Buyers often value a target company using a market-based multiple of EBITDA (earnings before interest, taxes, depreciation and amortization) or a present value model such as discounted cash flows or discounted residual income. Legal due diligence may provide other useful information about events that have affected historical earnings or events that may affect expected future earnings, cash flows or residual income. This due diligence information can be useful to the buyer to create a more robust valuation of the target transaction. Legal due diligence is important for many reasons, but most importantly, to make informed business decisions. While a list of important questions leads directly to the heart of due diligence issues, there are two potential problems with this approach. First, if a materiality level has been established, there may be a risk of neglecting significant issues that may not have a quantifiable impact on the business or that may have an impact that is not measured solely in dollars. Possible examples are critical issues that are strategic, cultural or reputational in nature. Second, a list of key questions may not be very user-friendly in itself, as the questions may not be clearly understood without a more detailed explanation of their fuller context. To address these two issues, external counsel often produce reports that include a list of significant issues in the summary and a more complete description of the documents reviewed and other issues (that may not meet the materiality threshold) downstream. Some of the details of the legal due diligence process are discussed below. The world of legal issues is too complex to be left to chance. By conducting a thorough LDD, you give your acquisition every chance to create long-term shareholder value. Definition of duty of care: The concept of due diligence in German law refers to the application of due diligence in business transactions.

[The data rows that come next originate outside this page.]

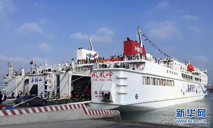 12月15日,“凤凰岭”号客滚轮在海口港装船。当日,“凤凰岭”号客滚轮载着576名乘客开启了海口至广东省徐闻县海安港的首航。据了解,这艘长127米、宽20.50米的“凤凰岭”号轮是迄今为止琼州海峡最大的客滚轮。新华社记者郭程摄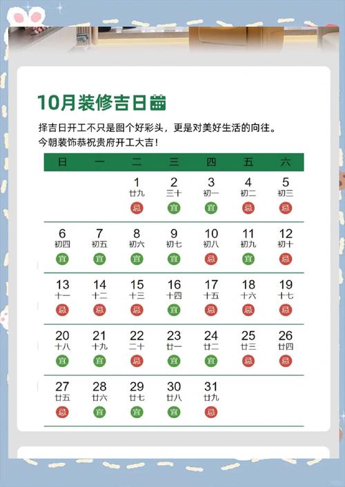 選擇裝修黃道吉日是許多家庭在裝修前會(huì)考慮的重要事項(xiàng),尤其是在中國(guó)傳統(tǒng)風(fēng)水文化中。2024年10月的裝修黃道吉日有哪些?以下是詳細(xì)的查詢和分析。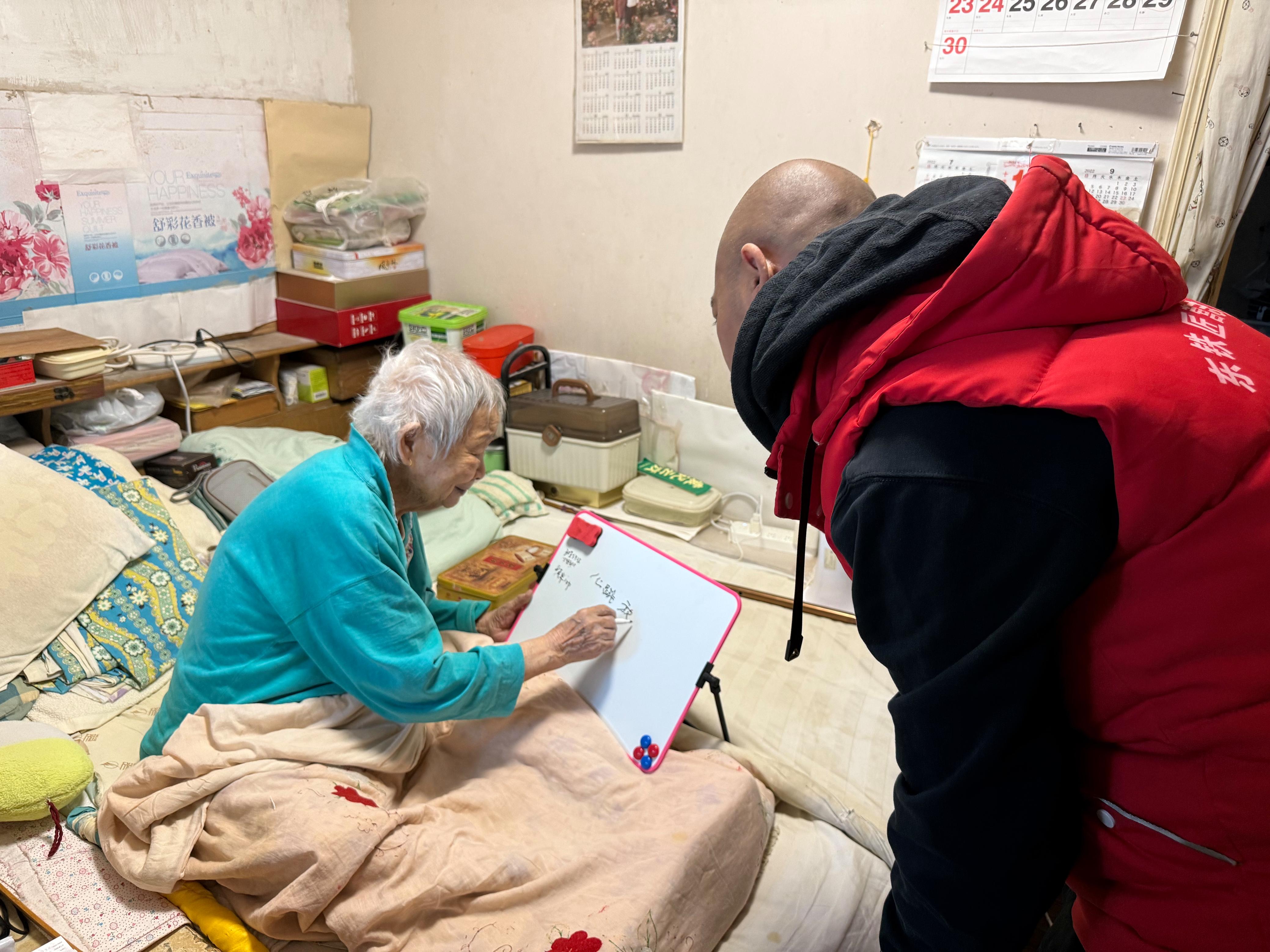 接到求助电话后,社区工作人员第一时间赶往老人家中察看情况,同时安排包片网格员紧急联系老人子女。抵达现场后,工作人员发现老人意识清醒,但精神状态不佳,其外孙已在家中陪伴。“您哪儿不舒服?”工作人员轻声询问,老人吃力地回应“血压188,心脏颤”。考虑到老人说话有气无力,社区工作人员拿出小白板耐心沟通,同时向其外孙详细了解情况。“姥姥一直按时吃降压药,可这几天血压总偏高,还执意不愿去医院。”外孙无奈地说。

Due diligence involves a careful examination of the economic, legal, fiscal and financial situation of a company or individual. These include aspects such as turnover, ownership structure and possible links to forms of white-collar crime such as corruption and tax evasion. Such an audit is necessary as soon as a company establishes relationships with business partners or plans to acquire another company or property or invest and do in real estate. Some buyers may be reluctant to exercise due diligence because they may not be able to successfully claim damages for a breach of the representation or warranty if they were aware of the relevant circumstances before signing the transaction documents. In such circumstances, it may be difficult for the buyer to prove that he has suffered damage as a result of the breach. The seller submits that the buyer should have taken this information into account at the price it was willing to pay. It is important to select external legal counsel who have extensive experience in legal due diligence and M&A transactions. Ideally, they also have relevant experience in the target company`s industry. For example, due diligence for an oil and gas exploration company is a very different exercise than due diligence for a computer software company. Any due diligence requires some understanding of the legal architecture common to each type of business.
Whether intentional or not, owners, managers, employees or researchers can influence the results of legal due diligence. This influence can affect the outcome of legal due diligence. Having recognized the value of legal due diligence, the question arises of how to do it and what tools to use. Due to the extremely complex nature of international and local economic transactions, no analytical method as such can be recommended. One approach is to ask the target organization a series of questions about its overall financial position, operational risks and risk management practices. Another method is to ask the seller to make representations and warranties in the commercial contract. The third approach is to audit the financial statements of the seller`s company, as well as examine the legal concerns associated with the transaction. The results of a legal due diligence are really only important for a buyer and the buyer`s legal counsel. It is important to determine who should review the report or rely on it to decide what type of report you need. Do you have financiers who have to rely on your external advisor`s due diligence report to make loans? Do you expect to need coverage and liability insurance, in which case the insurer will want to review the report and possibly rely on it as well? To ensure that only one type of report needs to be produced, it would be important to understand from the outset how the report should be used.